So we now have our own Jack Bauer, hero of 24. He’s Stephen Harper, ready to take any step against terror, not squeamish like the terrsymps who voted down renewal of preventive arrest and forced testimony in Parliament this week. Oh, wait, we already had our own Jack Bauer: Canadian (and grandson of Tommy Douglas) Kiefer Sutherland, who is Jack Bauer on 24.
Jack doesn’t shrink from extreme measures, like torture. There were 67 torture scenes in his first five seasons. Stephen doesn’t shrink from extreme measures either, like those defeated measures, or from extreme language: “For the first time in history, we have a leader of the opposition who is soft on terrorism.” You’re with him or against him.
24 is so extreme that in the United States, the (real) military and spooks are begging the show to back off because it does more harm than good. The New Yorker reports that a general who is dean at West Point and some interrogators flew to the set to say torture doesn’t work, but the show is influencing U.S. soldiers in Iraq and elsewhere to do it. They want the producers to depict a case where torture “backfires,” like Abu Ghraib, and causes worse terror.
A spook who worked in Iraq said, “I never saw pain produce intelligence,” and he’s seen it all: waterboarding, dogs, sitting on a Humvee’s exhaust pipes. Forget it, said 24 producer Joel Surnow, who hangs with Rush Limbaugh and Dick Cheney. He says he doesn’t believe the experts. He probably saw torture work somewhere, oh yeah, on his own show.
The whole torture debate gets skewed because its justification usually centres around the case of a “ticking bomb” that almost never occurs (the “almost” is generous). Yet on 24, every case of torture is about a ticking bomb, usually nuclear. This season, one has already gone off in the United States and three are ticking as I write.

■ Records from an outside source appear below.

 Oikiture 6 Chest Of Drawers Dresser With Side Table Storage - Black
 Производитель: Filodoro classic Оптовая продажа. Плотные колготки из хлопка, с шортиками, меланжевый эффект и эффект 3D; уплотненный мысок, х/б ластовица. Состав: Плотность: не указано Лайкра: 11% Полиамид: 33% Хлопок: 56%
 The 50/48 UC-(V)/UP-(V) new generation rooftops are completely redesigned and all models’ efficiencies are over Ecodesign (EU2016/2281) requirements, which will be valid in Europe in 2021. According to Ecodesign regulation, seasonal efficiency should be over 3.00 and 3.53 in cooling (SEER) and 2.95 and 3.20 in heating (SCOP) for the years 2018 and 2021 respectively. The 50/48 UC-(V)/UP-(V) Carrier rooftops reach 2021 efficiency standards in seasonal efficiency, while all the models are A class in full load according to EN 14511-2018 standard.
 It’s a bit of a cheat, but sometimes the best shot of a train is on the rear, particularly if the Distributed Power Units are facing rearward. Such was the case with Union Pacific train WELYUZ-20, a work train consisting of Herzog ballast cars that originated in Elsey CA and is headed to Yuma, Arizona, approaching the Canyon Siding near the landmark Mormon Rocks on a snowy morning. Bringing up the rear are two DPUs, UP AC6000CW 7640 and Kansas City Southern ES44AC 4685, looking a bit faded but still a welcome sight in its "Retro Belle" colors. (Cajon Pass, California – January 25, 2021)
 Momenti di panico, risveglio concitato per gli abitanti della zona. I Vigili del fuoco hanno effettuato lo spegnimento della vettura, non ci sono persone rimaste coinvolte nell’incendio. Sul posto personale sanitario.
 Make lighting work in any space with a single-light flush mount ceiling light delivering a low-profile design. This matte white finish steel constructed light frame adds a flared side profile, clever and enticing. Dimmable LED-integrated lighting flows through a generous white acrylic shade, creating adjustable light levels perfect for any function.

But I confess I don’t like 24. I find its production tacky and low-budget; its plots, repetitive. For the record I speak as a lifelong fan of the espionage genre, going back to I Spy, Callan, The Sandbaggers, 007 and Harry Palmer. I do feel sympathy for Mr. Sutherland, who has often tried to play down the drift of the show by saying anyone who takes it seriously has problems. When the worrywarts include Federal Bureau of Investigation interrogators and generals, his argument starts to sound shaky.
But I didn’t much like the plotline in the House this week either, over renewing those provisions on preventive arrest and coerced testimony. It was widely described as a hard choice between security and civil liberties, a problem of balancing them, etc. NDP Leader Jack Layton said we mustn’t give up the values that distinguish us.

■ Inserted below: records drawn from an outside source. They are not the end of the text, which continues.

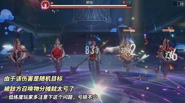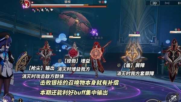 ※重点注意银白色单位,会为银枝添加屏障阻隔伤害,可考虑优先解决或留进攻型技能防一手。若是练度不够想依靠环境buff,可考虑先消灭枪尖,亡语是群伤可以帮你压低其他召唤物血线。
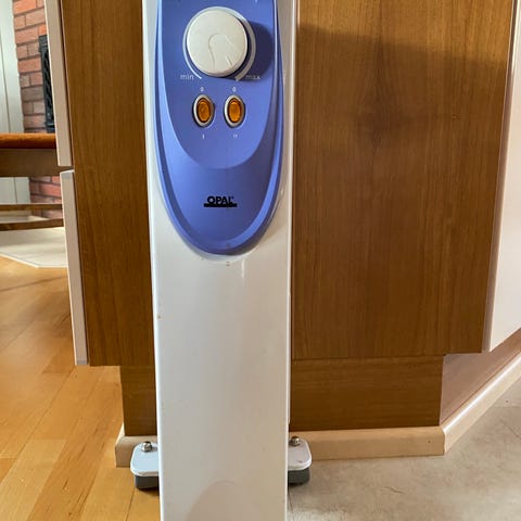 Öljytäytteinen lämmityspatteri termostaatilla.
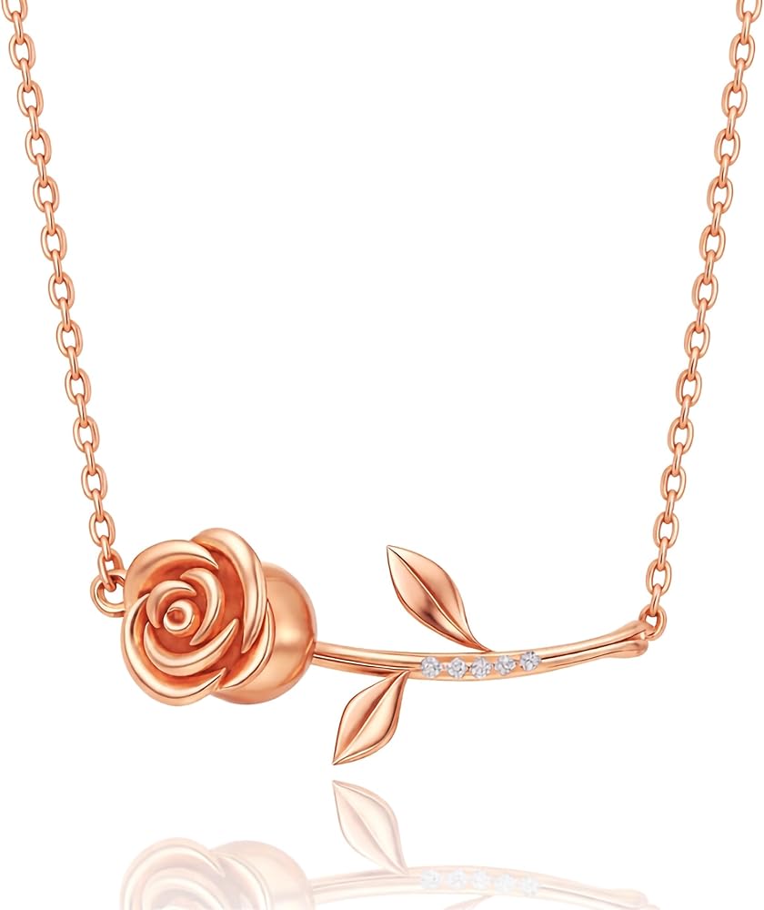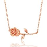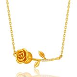 Celebrate love and femininity with this elegant gold rose flower necklace, a timeless symbol of romance and beauty. The sculpted rose pendant features smooth, flowing petals paired with sparkling cubic zirconia accents along the stem, creating a refined yet eye-catching look. Designed with a high-polish gold finish, this necklace offers a luxurious appearance while remaining lightweight and comfortable for everyday wear. Whether styled for work, a date night, or a special celebration, it adds a graceful touch to any outfit. Beautifully symbolic and effortlessly elegant, this rose necklace makes a heartfelt gift for the women you cherish most.

But there are lots of things that contradict those values. I think economic inequity is at least as vile as torture or preventive arrest. The larger problem with torture, curtailing civil liberties and the whole war on terror is that it doesn’t even work; it makes future terror more likely. What effect do you think Abu Ghraib or the “rendition” of Maher Arar had on recruiting jihadi terrorists, or neutralizing far larger numbers in the Muslim world who won’t become terrorists but may not actively oppose them?
U.S. terrorism maven Peter Bergen, who is not soft on terror, says the war on Iraq increased deaths from Islamic terror sevenfold worldwide by corroborating — his words — “al-Qaeda’s central message”: that the United States is at war with Islam. In this sense, it is Mr. Harper and George W. Bush (and 24‘s producers) who are soft on terror because their notions of combatting it make it ever more likely.

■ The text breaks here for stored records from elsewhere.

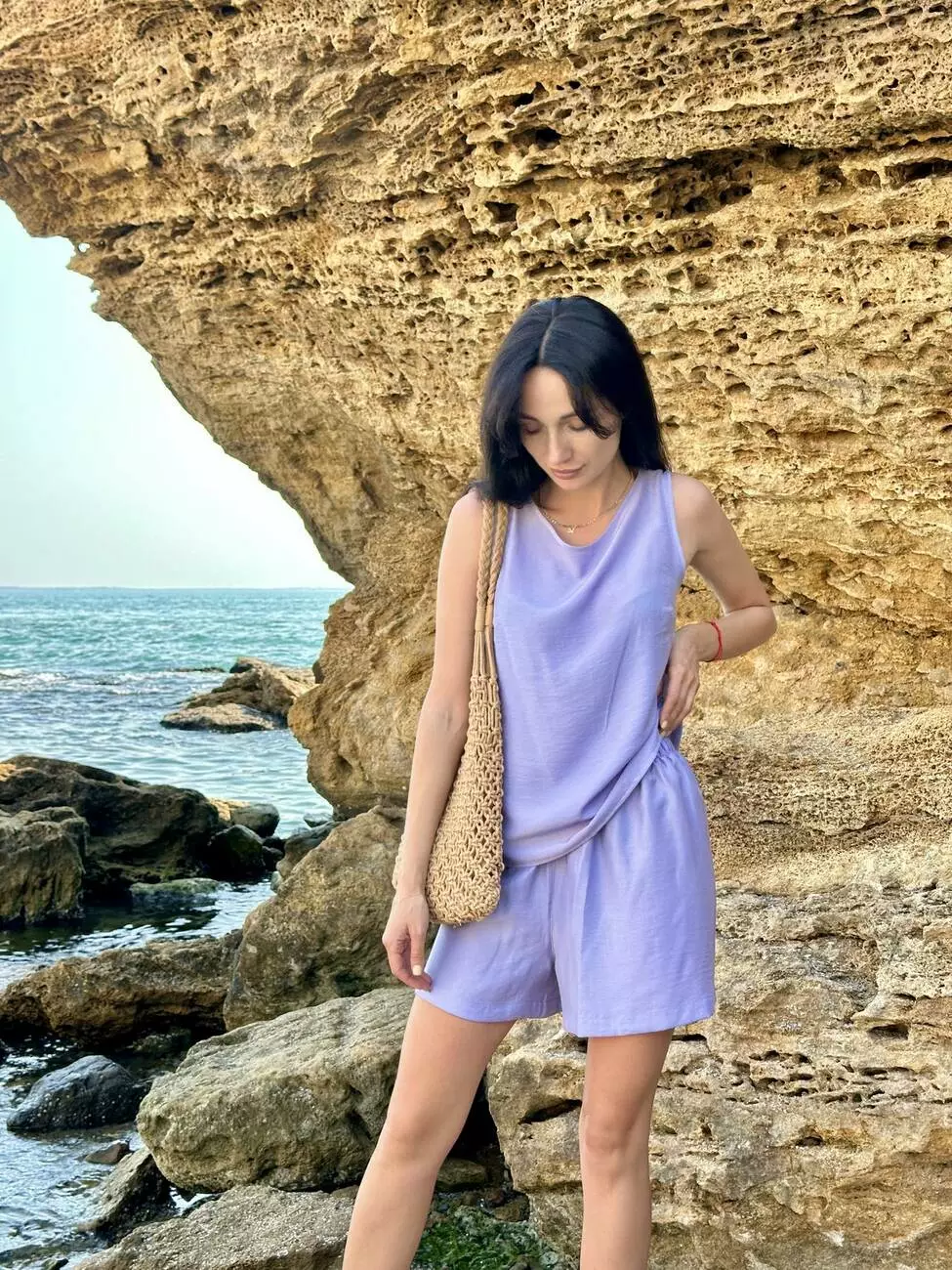 Вільний крій майки дарує свободу рухів та комфорт у спекотні дні. Лавандовий колір освіжає образ і додає йому м’якості. Ідеально поєднується з шортами, штанами чи спідницею — як у повсякденному, так і у більш романтичному літньому луці.
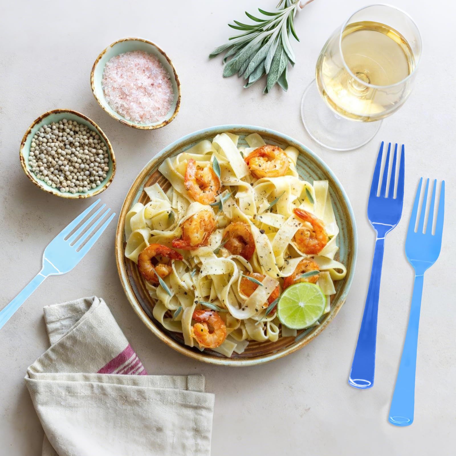 【 Applicable Occasions 】 : This blue plastic forks can be widely used in birthday parties, wedding, baby shower, bridal shower, outdoor picnics, family dinners, festival banquets and other theme gatherings, adding bright colors and enhancing your dining table environment.
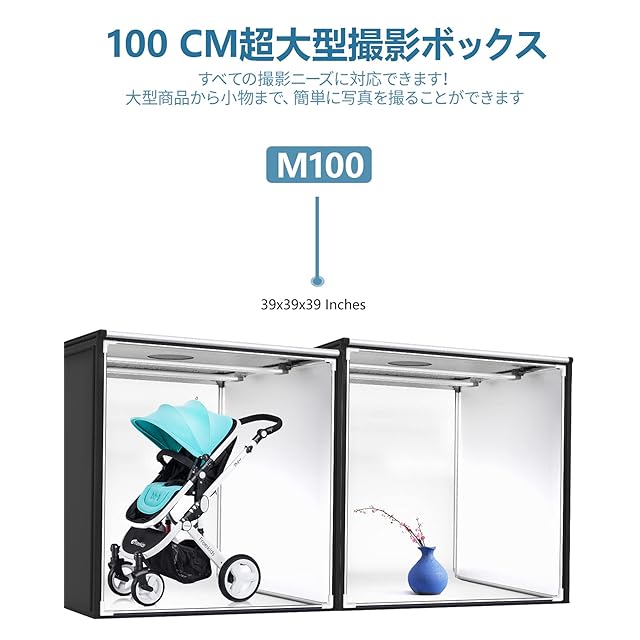 【プロな大型撮影ボックス】 104㎝の大きな撮影ボックスは、クリスマスツリー、ベビーカー、掃除機、トランクなど大きな物品の写真を撮るにも、子供たちの楽しい写真を撮ることもできます。十分なスペースがあるから、ほとんどの撮影照明ニーズを満たすために、自宅で一味違った写真を写し出すことができます。折りたたみ式なので、組み立てが簡単です。収納や持ち運びにも便利です。
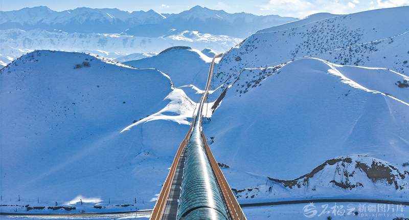 12月26日,在呼图壁县南部山区,新疆首条采用AI智能巡检技术的输煤廊道穿越山间。
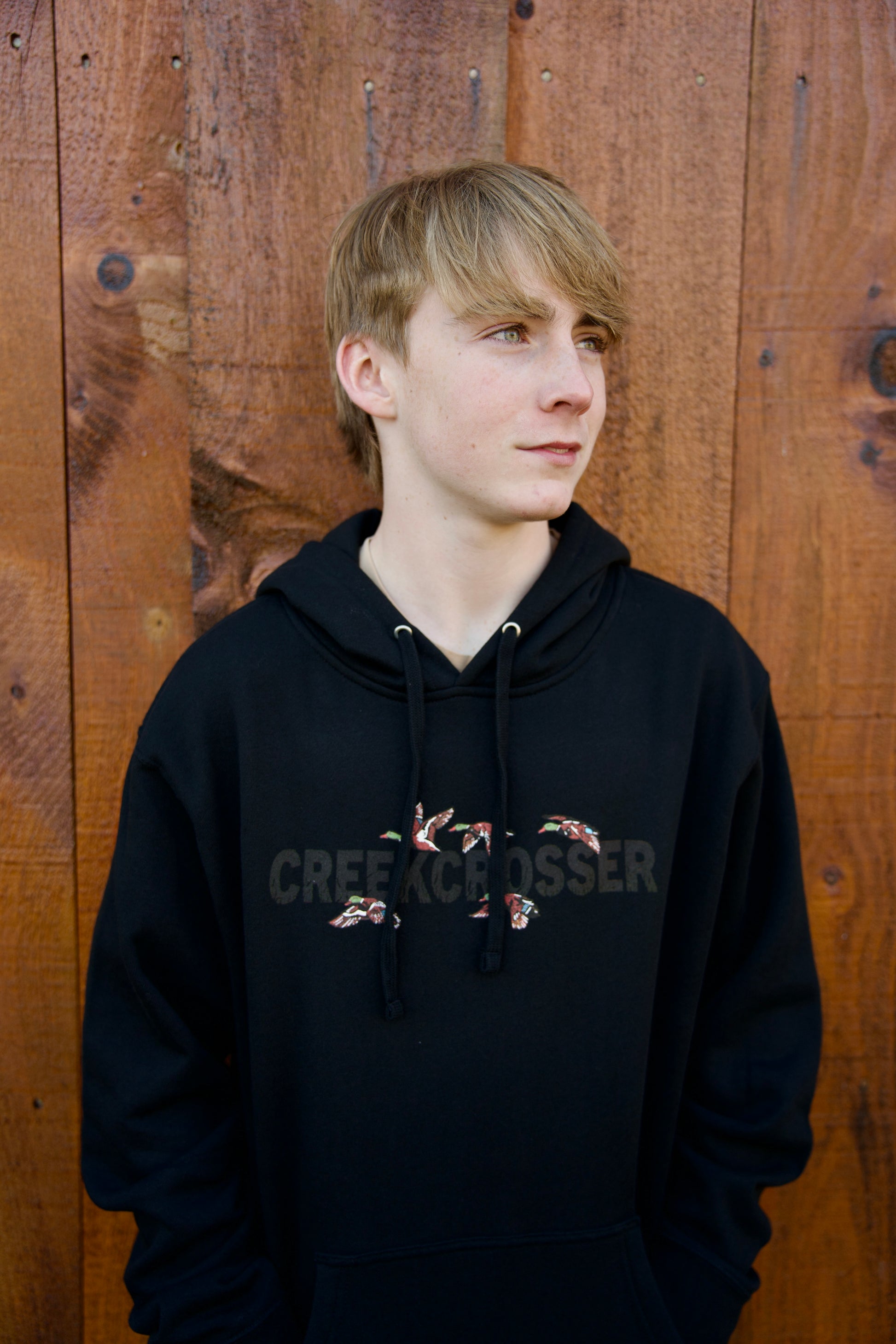 Bring the flyway with you wherever you go in the CreekCrosser Duck Hoodie. Designed for duck hunters and waterfowl addicts, this hoodie features a clean CreekCrosser logo with five detailed mallards cutting across the chest, capturing the energy and motion of birds working the decoys at first light.

This is the infuriating rub. Mr. Bush gets to feel like a cowboy or whatever he’s doing. Mr. Harper gets to indulge his ideology or his resentment, whatever drives him. And everyone else pays the price. Since 9/11, many thousands have died because of this kind of wrong-headedness and many more will till it all returns to this continent again.
Bin Laden obsessive and former U.S. counterterrorism official Michael Scheuer says a nuclear attack on the United States is now “close to inevitable.” Then we really will need Jack. Not Kiefer, not Stephen. The real Jack. And he’s a fiction.